- The problem -
Every line of the listing below should be written out exactly, minus its pictures.

- Data section -

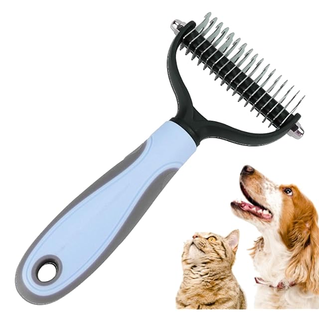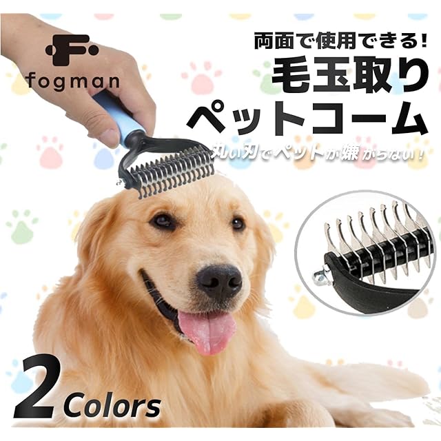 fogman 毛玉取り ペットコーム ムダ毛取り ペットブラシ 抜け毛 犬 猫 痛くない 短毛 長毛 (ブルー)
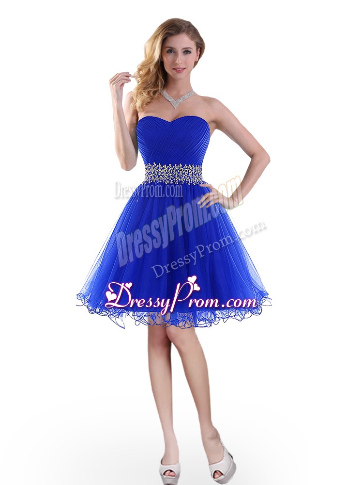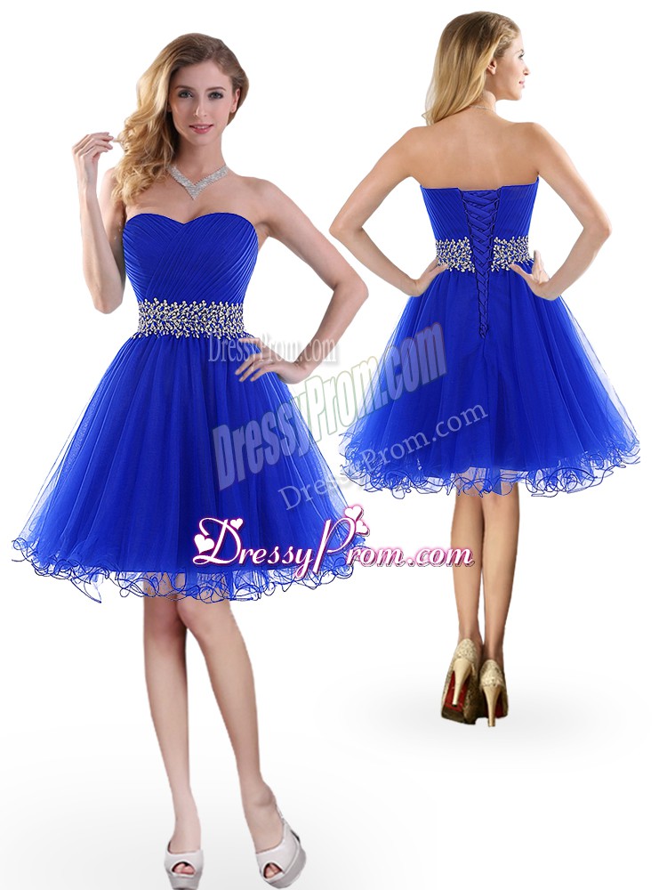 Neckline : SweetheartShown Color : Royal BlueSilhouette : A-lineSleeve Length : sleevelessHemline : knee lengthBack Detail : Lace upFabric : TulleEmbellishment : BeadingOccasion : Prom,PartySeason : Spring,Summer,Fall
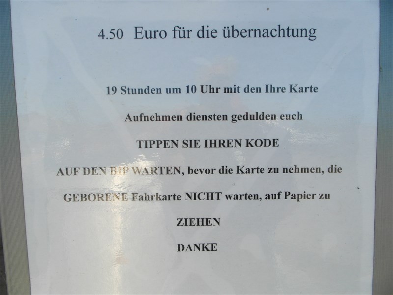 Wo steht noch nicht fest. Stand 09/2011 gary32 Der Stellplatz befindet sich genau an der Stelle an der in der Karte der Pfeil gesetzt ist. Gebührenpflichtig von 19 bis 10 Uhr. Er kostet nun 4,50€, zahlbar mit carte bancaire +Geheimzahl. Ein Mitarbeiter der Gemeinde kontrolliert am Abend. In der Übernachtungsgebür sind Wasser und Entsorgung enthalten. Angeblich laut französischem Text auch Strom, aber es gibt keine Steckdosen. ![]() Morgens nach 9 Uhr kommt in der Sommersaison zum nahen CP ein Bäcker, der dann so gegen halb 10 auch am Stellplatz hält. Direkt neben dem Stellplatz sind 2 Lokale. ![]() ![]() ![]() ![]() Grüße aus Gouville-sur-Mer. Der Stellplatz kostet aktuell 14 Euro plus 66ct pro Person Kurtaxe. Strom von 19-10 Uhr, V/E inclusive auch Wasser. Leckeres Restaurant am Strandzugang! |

- Task solution -
 fogman 毛玉取り ペットコーム ムダ毛取り ペットブラシ 抜け毛 犬 猫 痛くない 短毛 長毛 (ブルー)
 Neckline : SweetheartShown Color : Royal BlueSilhouette : A-lineSleeve Length : sleevelessHemline : knee lengthBack Detail : Lace upFabric : TulleEmbellishment : BeadingOccasion : Prom,PartySeason : Spring,Summer,Fall
 Wo steht noch nicht fest. Stand 09/2011 gary32 Der Stellplatz befindet sich genau an der Stelle an der in der Karte der Pfeil gesetzt ist. Gebührenpflichtig von 19 bis 10 Uhr. Er kostet nun 4,50€, zahlbar mit carte bancaire +Geheimzahl. Ein Mitarbeiter der Gemeinde kontrolliert am Abend. In der Übernachtungsgebür sind Wasser und Entsorgung enthalten. Angeblich laut französischem Text auch Strom, aber es gibt keine Steckdosen. ![]() Morgens nach 9 Uhr kommt in der Sommersaison zum nahen CP ein Bäcker, der dann so gegen halb 10 auch am Stellplatz hält. Direkt neben dem Stellplatz sind 2 Lokale. ![]() ![]() ![]() ![]() Grüße aus Gouville-sur-Mer. Der Stellplatz kostet aktuell 14 Euro plus 66ct pro Person Kurtaxe. Strom von 19-10 Uhr, V/E inclusive auch Wasser. Leckeres Restaurant am Strandzugang! |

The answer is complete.